Try it:
Repeat the span of the entries below that starts at the line with "A Marine Corps" and ends at the line with "Click the Preview", nothing more. Skip the pictures.

Excerpted data:
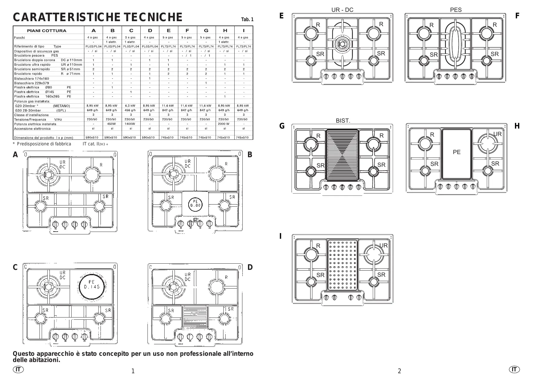 Per accendere i bruciatori del piano di cottura, avvicinare una fiamma al bruciatore, quindi premere e girare in senso antiorario la manopola corrispondente, fino alla posizione di massimo. Se i bruciatori non vengono usati per diversi giorni attendere qualche secondo prima dell’accensione per dare modo all’aria esistente nelle tubazioni di uscire. Per apparecchi dotati di accensione elettronica agire come segue: — premere e ruotare la manopola in senso antiorario fino alla piccola stella ★ — azionare l’accensione premendo l’apposito tasto. Per i piani cottura dotati di accensione automatica è sufficiente premere e ruotare la manopola fino alla piccola stella ★ Il generatore produrrà una serie di scariche fintanto che è mantenuta la pressione sulla manopola. Se la fiamma non si accende entro 5 secondi riportare la manopola in posizione 0 e ripetere l’operazione. Per i modelli dotati di rubinetto con sicurezza (che interrompono il flusso del gas in caso di spegnimento accidentale della fiamma) i bruciatori vengono accesi come sopra descritto, facendo attenzione a mantenere premuta a fondo la manopola per circa 5-6 secondi dopo l’accensione della fiamma. Trascorso tale tempo, necessario al dispositivo di sicurezza per inserirsi, la fiamma risulterà permanente. ATTENZIONE: prima di accendere i bruciatori accertarsi che essi siano ben alloggiati nelle loro sedi e non interferiscano con le candele di accensione. Per una migliore utilizzazione dei bruciatori, si raccomanda di usare pentole a fondo piatto di diametro adatto al bruciatore prescelto. Consultare le figure a pagina 1 e 2. Piano cottura tipo A;B;C;D;E;F;G;H;I. A;B;C;D;E;F;G;H;I. A;B;C;D;E;F;G; H;I. A;B;C;D; E;F;G;H;I.
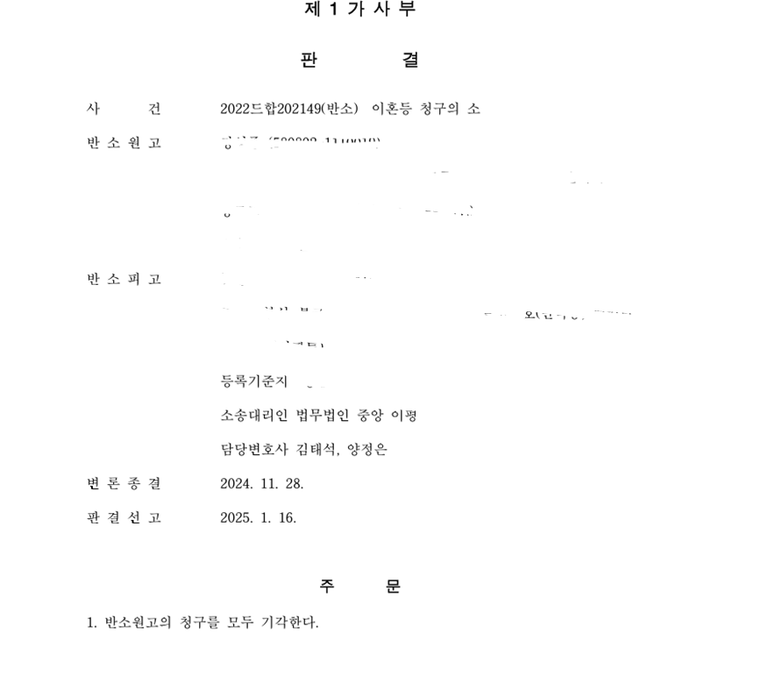 결국 4년에 걸친 소송에서 원고 즉 유책배우자인 남편의 이혼청구 및 재산분할은 모두 패소로 결론이 내려졌고, 그동안 아내는 아이들을 생각하며 남편의 외도와 폭행을 참아오고 축출이혼까지 당할 상황이었으나 이혼이 성립되지 않게 되었습니다.
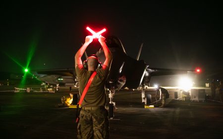 A Marine Corps pilot captain guides in a F-35B Lightning II following a large-scale strike against Venezuela military targets in support of Operation Absolute Resolve, in Ceiba, Puerto Rico, Jan. 3, 2026. U.S. Air Force Photo
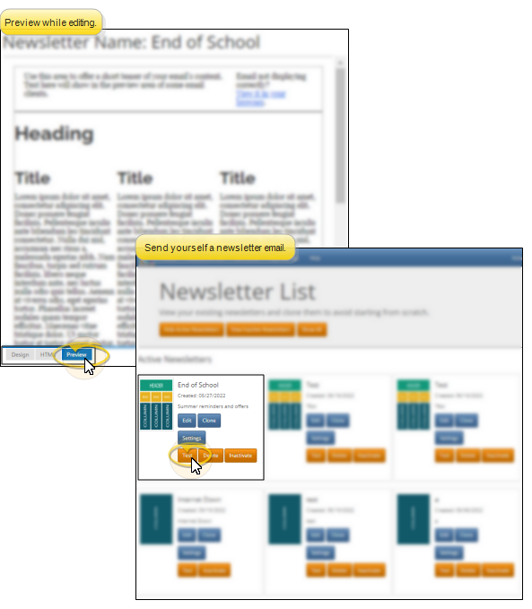 Click the Preview tab at the bottom of window while editing your newsletter to see what it will look like in a reader's Internet browser, and to test your hyperlinks. You can click Test from the Newsletter List window, then enter an email address (such as your own address) to see what the newsletter email message will look like when someone receives it. See "Manage Edge Broadcast Newsletters" for details.
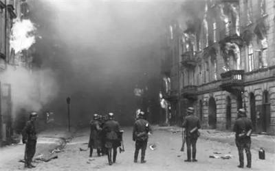 1943年4月19日,犹太逾越节前夕,党卫军向隔离区的犹太人发出最后通牒,被拒绝后,党卫军和警察部队进入犹太人隔离区进行血腥清洗,犹太人拿起武器奋起抵抗,这就是历史上著名华沙犹太人隔离区大起义。
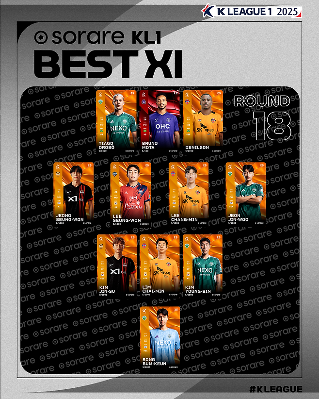 베스트11에는 MVP에 선정된 모따를 비롯해 김영빈, 송범근, 전진우, 티아고(이상 전북), 데닐손, 이창민, 임채민(이상 제주), 김진수, 정승원(이상 서울), 이승원(김천)이 이름을 올렸다.
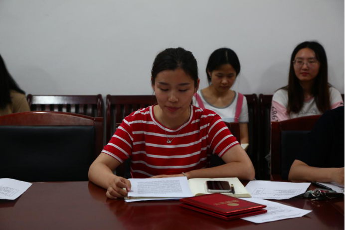 本科生新闻数版党支部刘娜作为新发展党员代表发言。她为能在中国共产党成立98周年之际,光荣地加入中国共产党这个伟大的组织而激动。她说,在组织上入了党,就确定了人生的坐标,进而还要从思想上入党,要更加严格要求自己,时刻牢记党“全心全意为人民服务”的宗旨,听从党的教诲,服从党的决议,遵守党的章程,为党的事业贡献出自己的青春和热血。
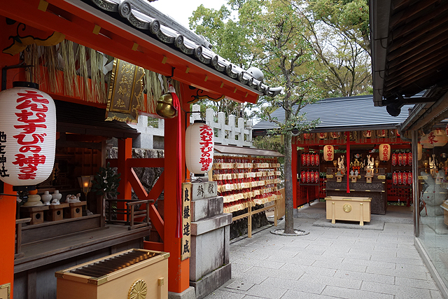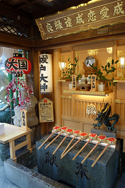 除了「大國主命」,一旁也散列許多小神社奉著我不太熟稔的各樣神祇,在艷燦撩目之外,不知為何還讓我感覺洋溢繽紛童趣。或許是壇案的福態雕像、參差羅列的木牌紙燈,抑或手水舍前水瓢背上渾圓書寫的良緣、開運字樣,行於其間,好像便自然朝氣蓬勃,對戀情充滿希望。
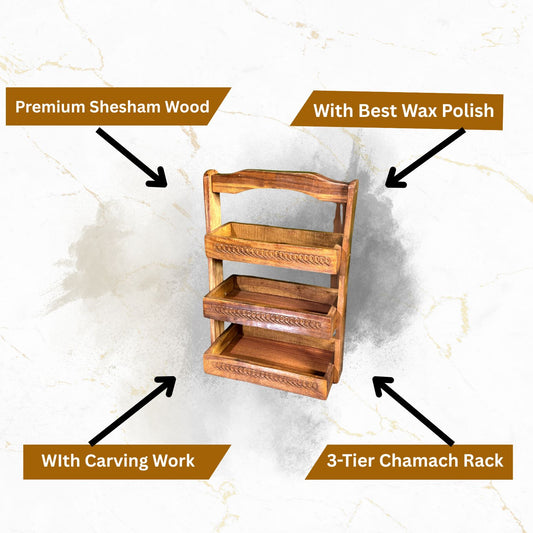 Wooden Spoon Stand | 3-Tier Chamach Rack | Utensil Organizer
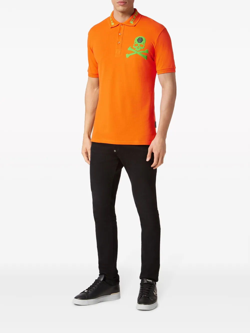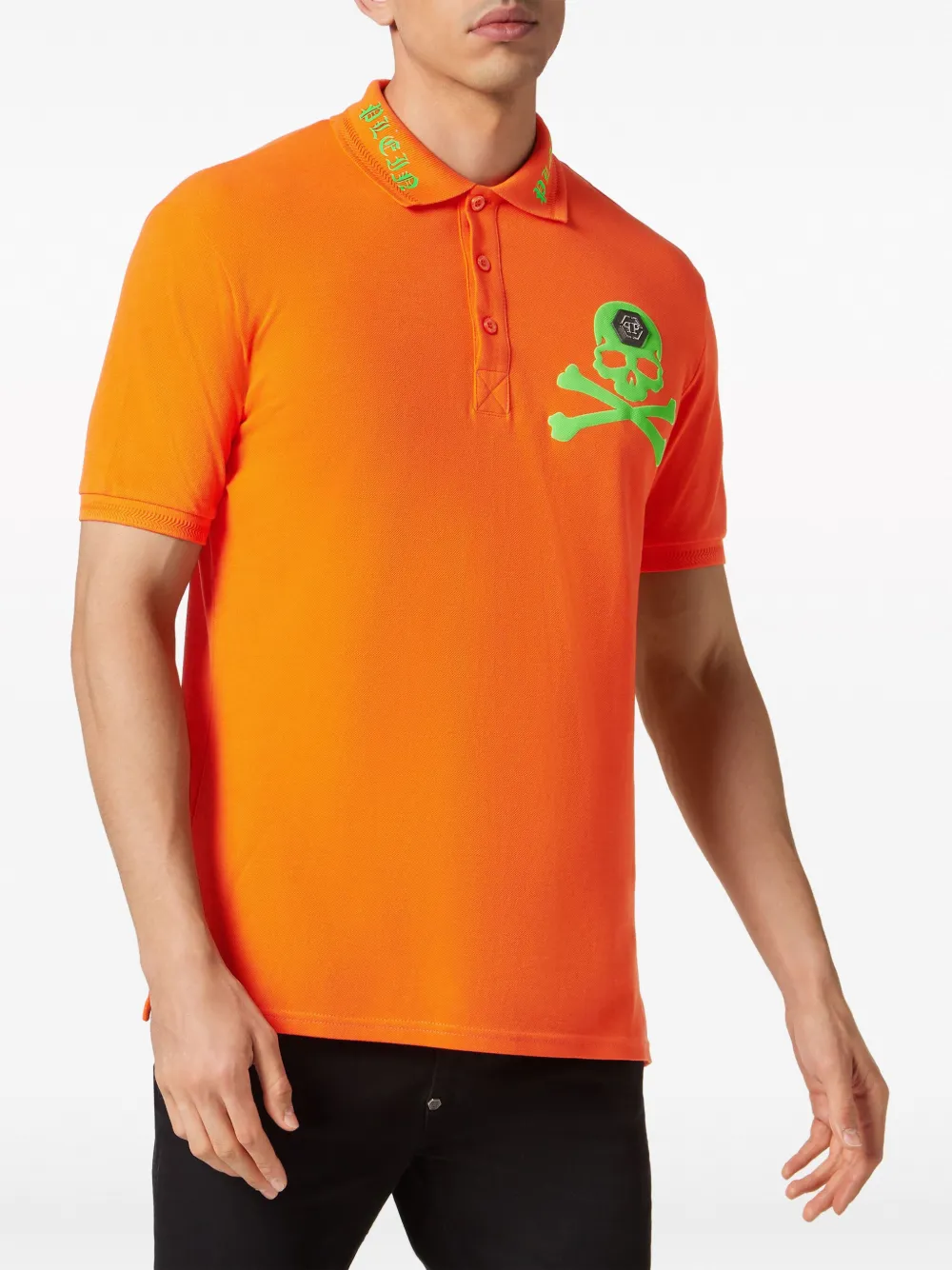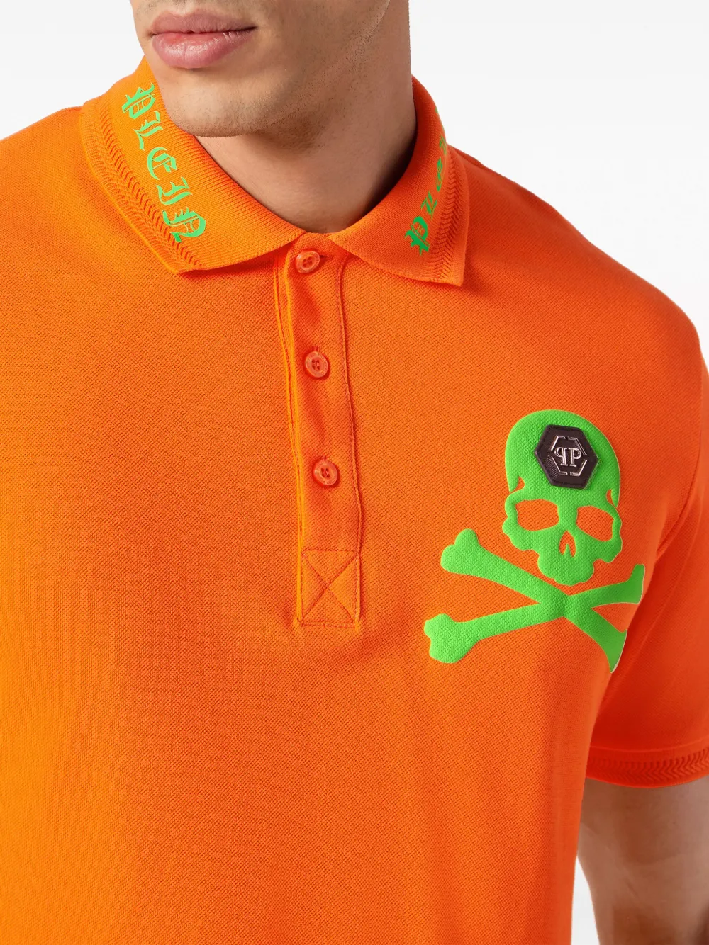 Тыквенно-оранжевый, неоново-зеленый, хлопок, принт с изображением черепа спереди, принт с логотипом на воротнике, воротник поло, планка на пуговицах спереди, короткие рукава и прямой подол.
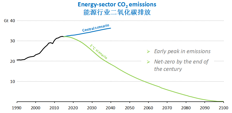 盡管困難重重,報告仍認為《巴黎協定》將會轉變未來幾十年的全球能源體系發展格局,為低碳發展和能源轉型提供了機遇。從各細分領域來看,未來煤炭行業不斷走低,油氣領域機遇與挑戰并存,可再生能源前景則更加廣闊。2016年,中東占全球石油產量的份額達近40年來最高,與此同時,隨著天然氣市場轉型不斷加深,液化天然氣(LNG)扮演起更重要的角色。在發電領域,2015年可再生能源新增裝機已經超過了天然氣、石油和核能發電的總和,到2040年,以可再生能源為主的低碳燃料和技術將滿足將近一半的新增能源需求。
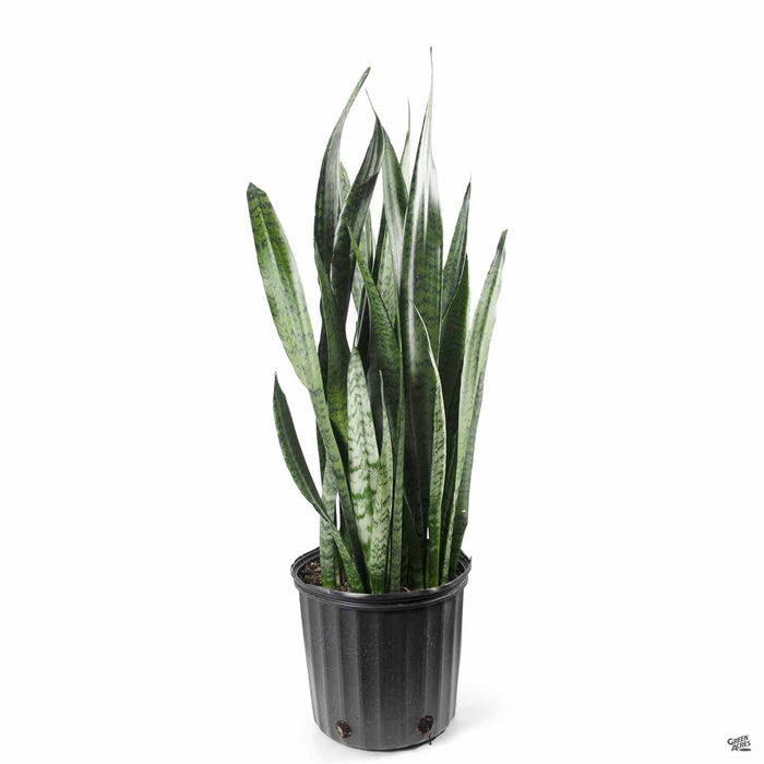 Also known as "Mother-in-Law's Tongue", has dark, upright, sword-like leaves variegated with white. Drought tolerant and air purifier is a beginner houseplant.

Answer:
 A Marine Corps pilot captain guides in a F-35B Lightning II following a large-scale strike against Venezuela military targets in support of Operation Absolute Resolve, in Ceiba, Puerto Rico, Jan. 3, 2026. U.S. Air Force Photo
 Click the Preview tab at the bottom of window while editing your newsletter to see what it will look like in a reader's Internet browser, and to test your hyperlinks. You can click Test from the Newsletter List window, then enter an email address (such as your own address) to see what the newsletter email message will look like when someone receives it. See "Manage Edge Broadcast Newsletters" for details.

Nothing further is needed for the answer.